Un objetivo adicional de la presente invención es
la provisión de un método para preparar tal liposoma
multivesicular.
Otros objetivos y objetivos adicionales,
características y ventajas de la invención son inherentes a ella y
aparecen a lo largo de la memoria descriptiva y
reivindicaciones.
La expresión "liposomas multivesiculares"

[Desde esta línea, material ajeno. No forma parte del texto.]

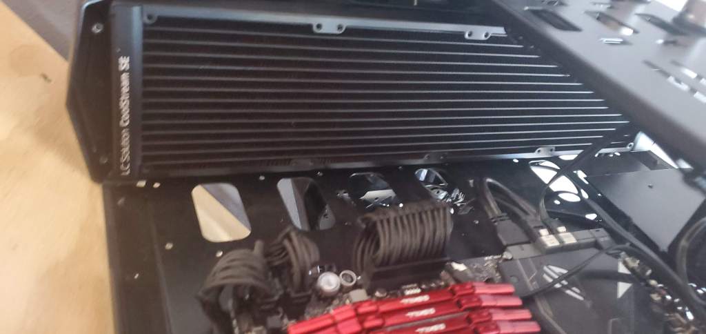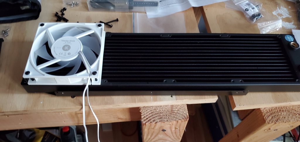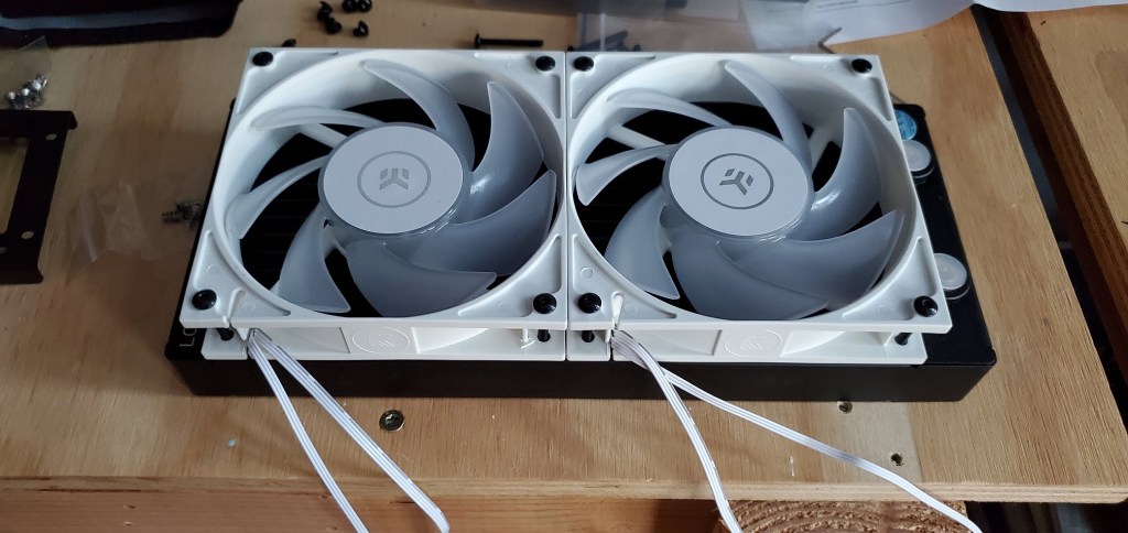 Eagle eyed readers may notice that the small radiator and the big radiator have the fans installed differently. There are two sides to a fan, one with the cage that holds the center stuff which I will call the back (seen on the large radiator) and the other, open side, which I will call the front. Air flows from front to back (hence my naming convention) always. Thus the big radiator is pulling air through the radiator (intake) and the small one is pushing air through the radiator (exhaust). This was intentional and I could’ve run them both the same, but the small radiator is going near the bottom of my case. Yes, hot air rises, but more importantly dust settles, so I wanted to exhaust air here instead of trying to pull more air into the case (I already have six fans pulling air into the case, I have enough airflow as it is!) mostly because of the dust issue.
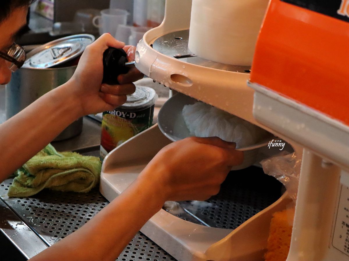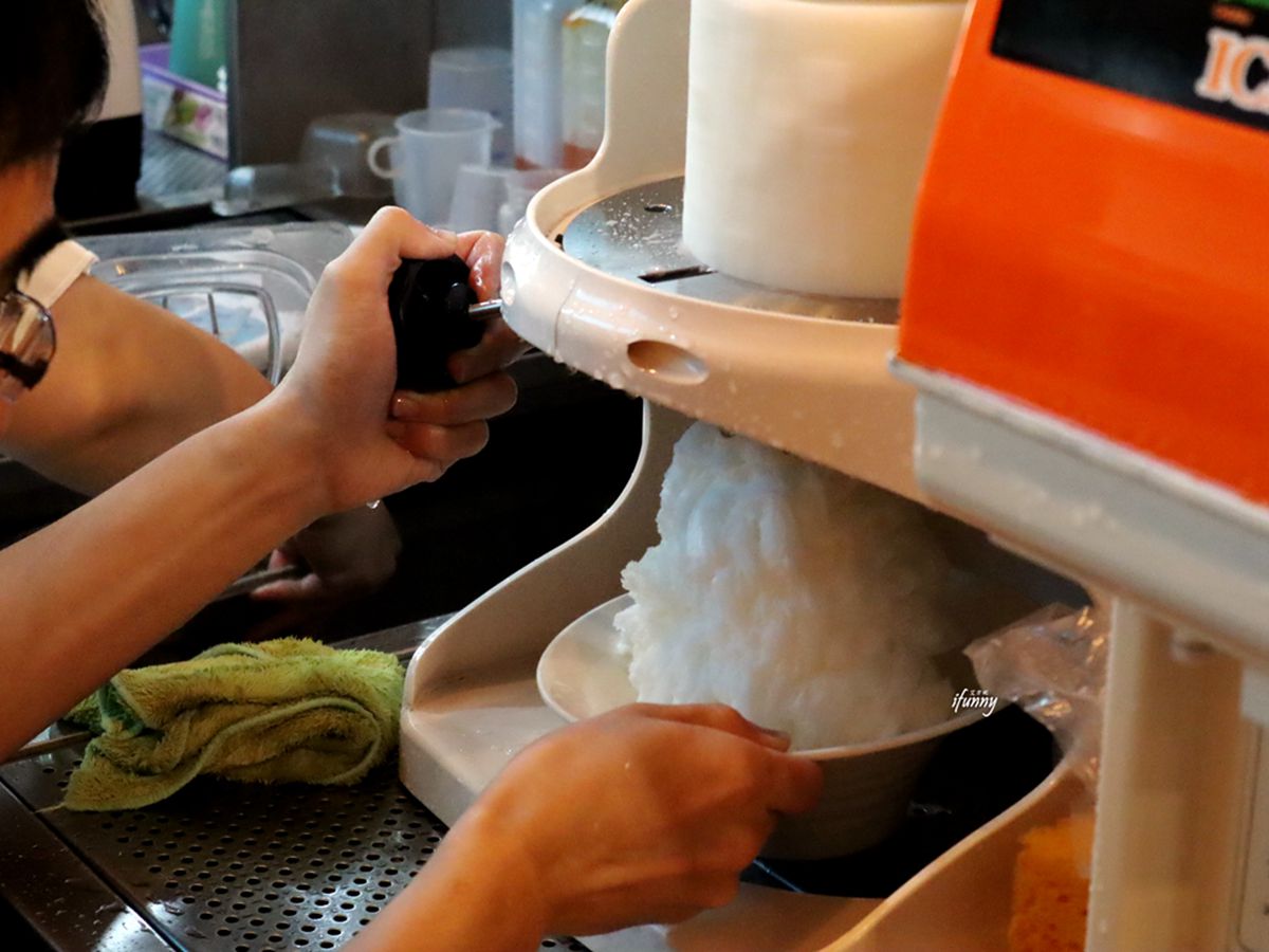 接著老闆開始製作我們的提拉米蘇雪花冰,其上放的是奶蓋醬。覓果榛品的奶蓋醬及煉乳也是自製的呢!
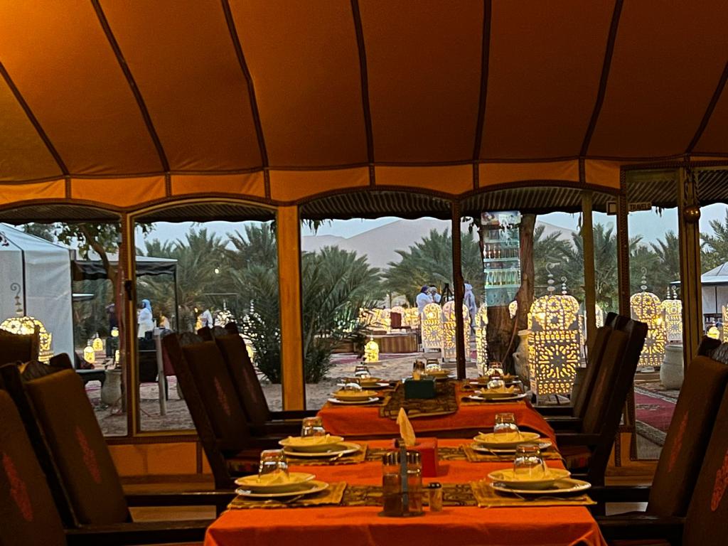 豪華營地位在摩洛哥梅爾祖卡地區(撒哈拉沙漠),每一帳篷均提供獨立洗手間和浴室,以及熱水供應,並擁有一間供應非洲料理的餐廳,客人可在營地享用早餐和晚餐,營地也提供沙漠四驅車和滑沙等自費活動,另外營地每晚均有柏柏爾傳統溝火晚會,客人可與朋友一起載歌載舞、夜觀流星。注意:手機、相機充電都可以如常使用,但請勿在營地內使用耗電量高的電器,如:吹風機)。
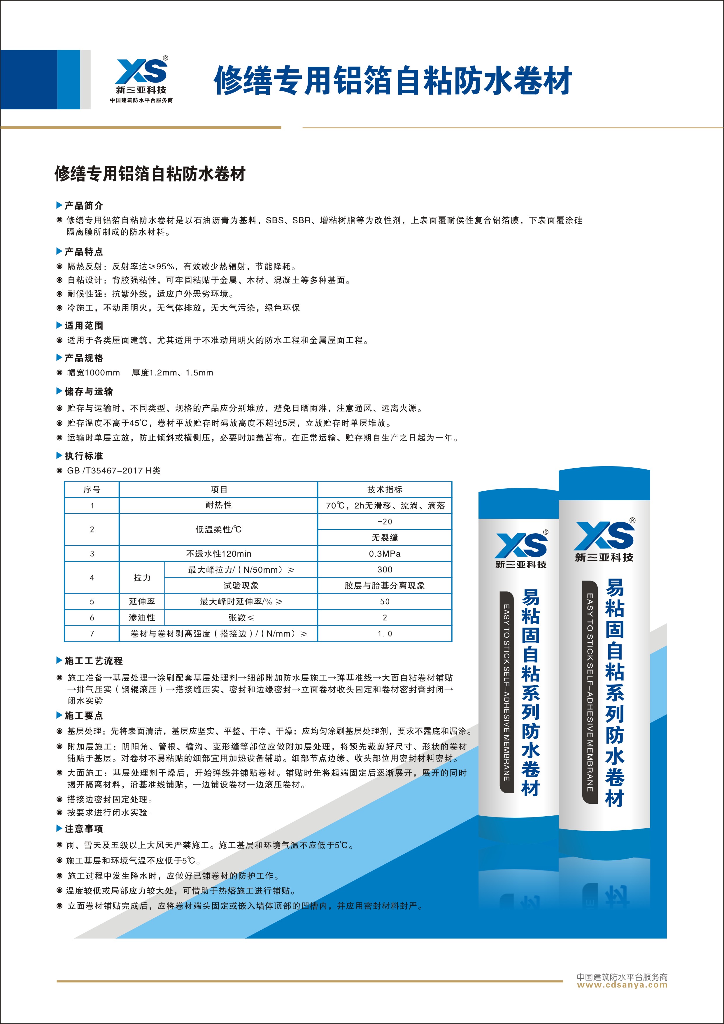 產(chǎn)品簡(jiǎn)介 修繕專用鋁箔自粘防水卷材以石油瀝青為基料,SBS、SBR、增粘樹(shù)脂等為改性劑,上表面覆耐侯性復(fù)合鋁箔膜,下表面覆涂硅隔離膜所制成的防水材料。 規(guī)格:1.2mm 1m×20 m | ![]() |
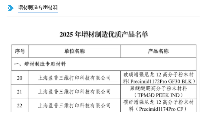 本次共入选三款高分子粉末材料,分别是玻璃增强尼龙12材料Precimid1172Pro GF30 BLK, 聚醚醚酮材料TPM3D PEEK IND,和碳纤增强尼龙12材料Precimid1174Pro CF。三款材料均面向工业级选择性激光烧结(SLS)应用场景,是盈普三维长期围绕高性能、可重复、可规模化目标持续优化的重要成果。
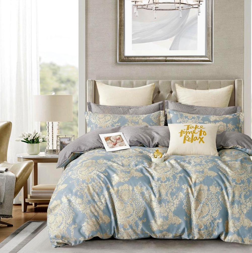 Lenjerie pat dublu, Finet, 6 piese, Gri, model oriental
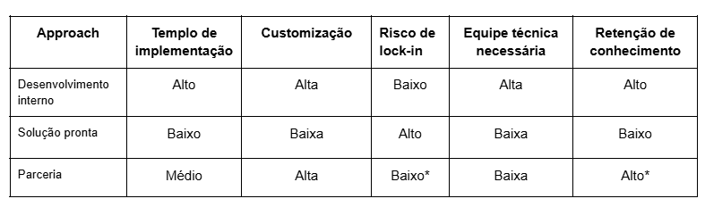 Depois de definir a solução, é hora de escolher como implementá-la. Existem três caminhos possíveis:
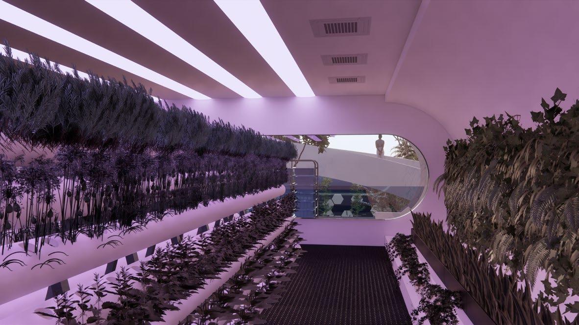 The atrium module was our chance to dream big. With levels of growing, dining, recreation and a rooftop garden on Mars- this space was meant to bring this community together. The high ceiling provides a compression and release experience for the residents, a much needed feeling as 100% of the time outside of the atrium the residents are in shorter, tighter spaces. We developed our own hydroponics and aquaponics food systems, to mitigate the radiation the residents would be exposed to by growing in the Martian soil, regolith.
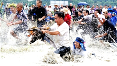 9月23日,在贵州省榕江县三宝侗寨举行的2025年中国农民丰收节分会场活动上,人们在参加捉鸭比赛。
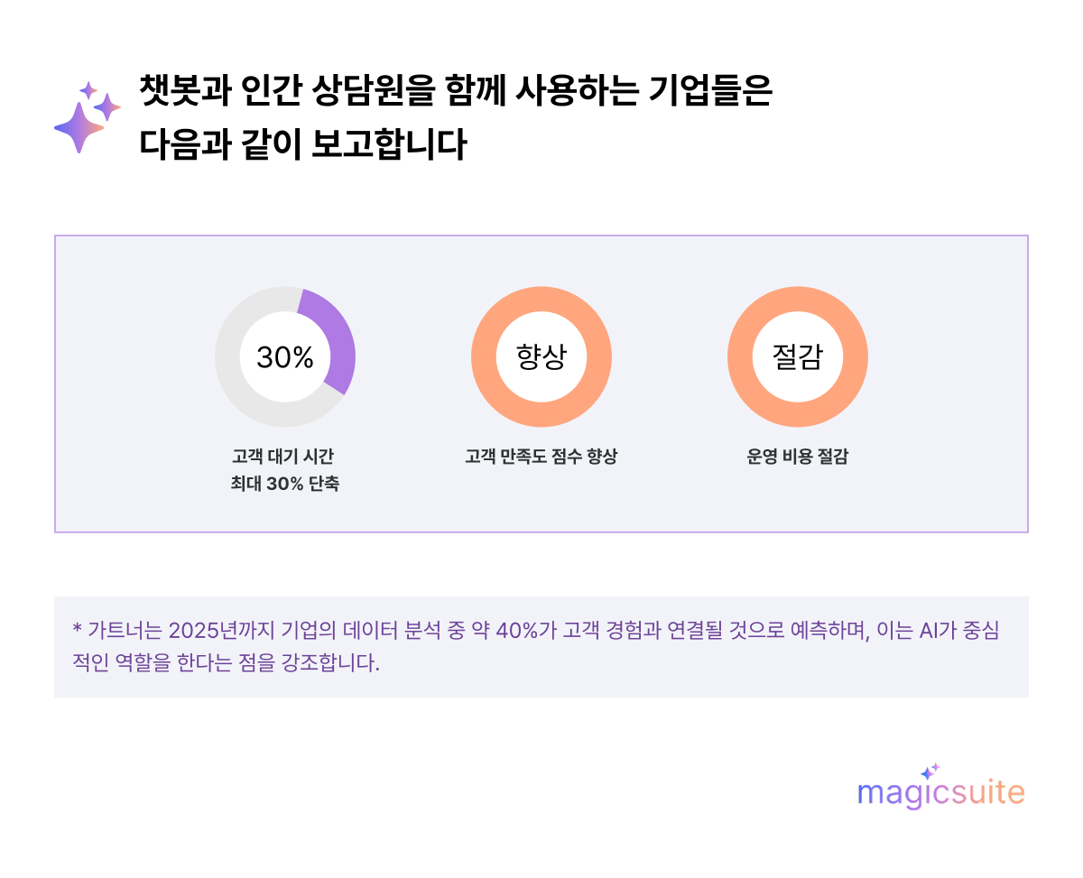 가장 효과적인 무료 AI 챗봇으로 고객 서비스를 자동화하고, 복잡한 문제는 사람 상담원에게 매끄럽게 전달하는 방법을 찾고 있다면, MagicSuite의 한국어 가이드를 참고하세요.
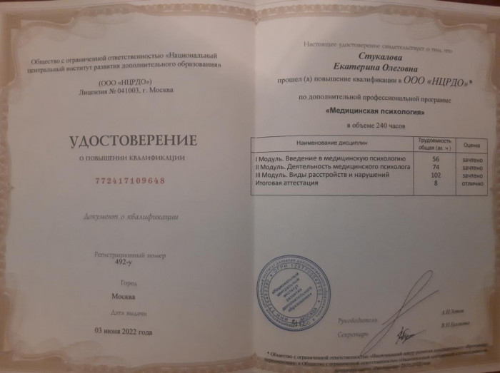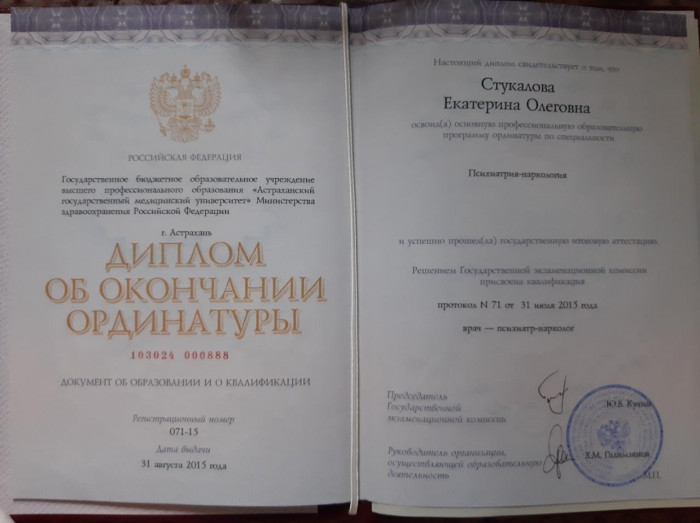 Психиатр-нарколог Екатерина Олеговна Стукалова специализируется на лечении игровой, никотиновой, алкогольной, компьютерной (интернет), наркотической зависимости с применением различных методик. Также проводит диагностику и лечение апатии, депрессии, неконтролируемой агрессии, булимии, анорексии, панических расстройств, страхов и фобий и других психических расстройств.
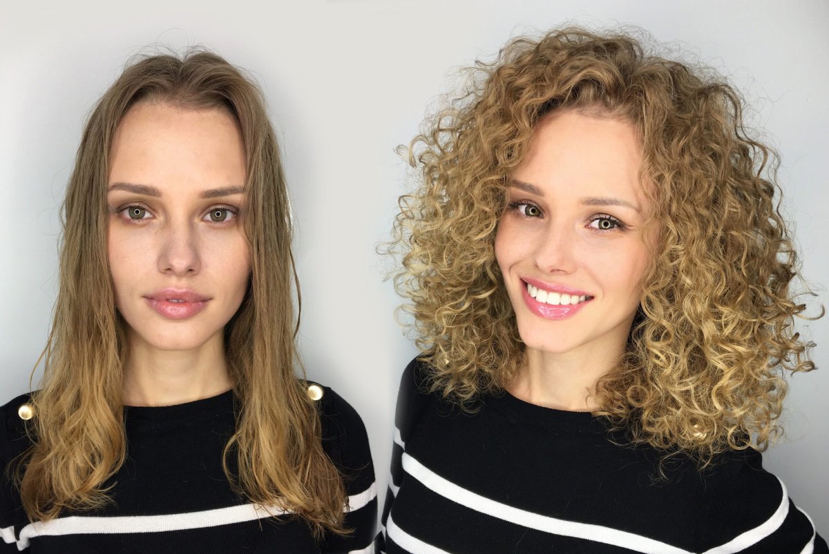 Биозавивка волос крупные Локоны на средние волосы до и после

como se emplea a lo largo de la memoria descriptiva y
reivindicaciones significa vesículas lipídicas microscópicas
artificiales que consisten en membranas de bicapas lipídicas, que
rodean múltiples cámaras acuosas no concéntricas. En contraposición,
los liposomas unilaminares tienen una sola cámara acuosa; y los
liposomas multilaminares tienen múltiples membranas concéntricas de
tipo "piel de cebolla", entre las cuales hay compartimentos
acuosos concéntricos semejantes a capas.
La expresión "glóbulo de disolvente" como se
emplea a lo largo de la memoria descriptiva y reivindicaciones
significa una gotita esferoide microscópica de disolvente orgánico,
dentro de la cual hay múltiples gotitas más pequeñas de solución
acuosa. Los glóbulos de disolvente están suspendidos y totalmente
sumergidos en una segunda solución acuosa.
La expresión "lípido neutro" significa
aceite o grasas que no tienen capacidad de formar membranas por sí
mismos y carecen de grupo de "cabeza" hidrófilo.
La expresión "lípidos anfifáticos" significa
aquellas moléculas que tienen un grupo de "cabeza" hidrófilo y
un grupo de "cola" hidrófobo y tienen capacidad de formar
membranas.
La expresión "fuerza fónica" se define como:
Fuerza iónica = 1/2(M_{1}Z_{1}^{2} +
M_{Z}Z_{2}^{2} + M_{3}Z_{3}^{2} + ...) donde
M_{1}M_{2}M_{3}... representan las concentraciones molares de
varios iones en la solución y Z_{1}Z_{2}Z_{3}... son sus
respectivas cargas.
La expresión "baja fuerza fónica" es fuerza
fónica menor que aproximadamente 0,05, y preferentemente menor que
0,01.
Brevemente, se hace primero una emulsión de
"agua en lípido" disolviendo lípidos anfifáticos en un
disolvente orgánico volátil para el componente lipídico, añadiendo
al componente lipídico un primer componente acuoso inmiscible, la
sustancia a ser encapsulada y un hidrocloruro, y luego emulsionando
la mezcla mecánicamente. En la emulsión las gotitas de agua
suspendidas en el disolvente orgánico formarán las cámaras acuosas
internas, y las monocapas de lípidos anfifáticos que recubren las
cámaras acuosas se convertirán en una hoja de la membrana de bicapa
en el producto final. La emulsión completa se sumerge luego en el
segundo componente acuoso que contiene uno o más agentes osmóticos
no iónicos y un agente neutralizante de ácido de baja fuerza fónica
y luego se agita mecánicamente, mediante energía ultrasónica,
atomizaciones con boquilla o combinaciones de éstos para formar
glóbulos de disolvente suspendidos en el segundo componente acuoso.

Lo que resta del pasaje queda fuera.